- Native name: Ігор Андрійович Довгань
- Born: Ihor Andriyovych Dovhan 2 August 1966 (age 59) Soviet Union
- Allegiance: Ukraine
- Branch: Ukrainian Ground Forces
- Service years: ????-present
- Rank: Lieutenant general
- Conflicts: Russo-Ukrainian war

= Ihor Dovhan =

Ihor Andriyovych Dovhan (Ukrainian: Ігор Андрійович Довгань; born 2 August 1966), is a Ukrainian army officer who served as the commander of the Operational Command West from 2015 to 2017.

==Biography==

Ihor Dovhan was born on 2 August 1966.

In December 2012, Colonel Dovhan became the Deputy Chief of Staff of the 6th Guards Army Corps of the Ground Forces of the Armed Forces of Ukraine.

in August 2014, Dovhan was promoted as a major general.

In May 2015, Dovhan became the commander of the Operational Command West.
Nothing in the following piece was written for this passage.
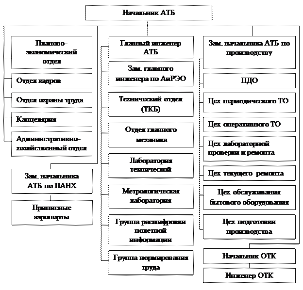 Основными производственно-структурными подразделениями АТБ являются: цех (цехи) периодического технического обслуживания; цех (цехи) оперативного технического обслуживания; цех (участок) текущего ремонта; цех (участок) лабораторных проверок и ремонта авиационного и радиоэлектронного оборудования; цех (участок) обслуживания бытового оборудования; цех (участок) подготовки производства. Главный инженер является заместителем начальника АТБ. Он осуществляет техническое руководство процессом технической эксплуатации AT на авиапредприятии. В его обязанности входит совершенствование организационных форм и методов ТОиР AT, внедрение в производство прогрессивной технологии, научной организации труда, передового опыта, новых средств механизации ТО и диагностирования АТ, последних достижений науки и техники.

In December 2016, he was promoted to lieutenant general.

On 23 March 2017, he was dismissed and had been replaced by his successor, Oleksandr Pavlyuk.

On 7 March 2019, he became the chief of staff is the first deputy commander of the Ground Forces of the Armed Forces of Ukraine.

As of 2021, he is the Chief of the Joint Staff of the Command of the Joint Defense Forces of the Armed Forces of Ukraine.

On 2 July 2024, the Russian government placed Dovhan in a wanted list.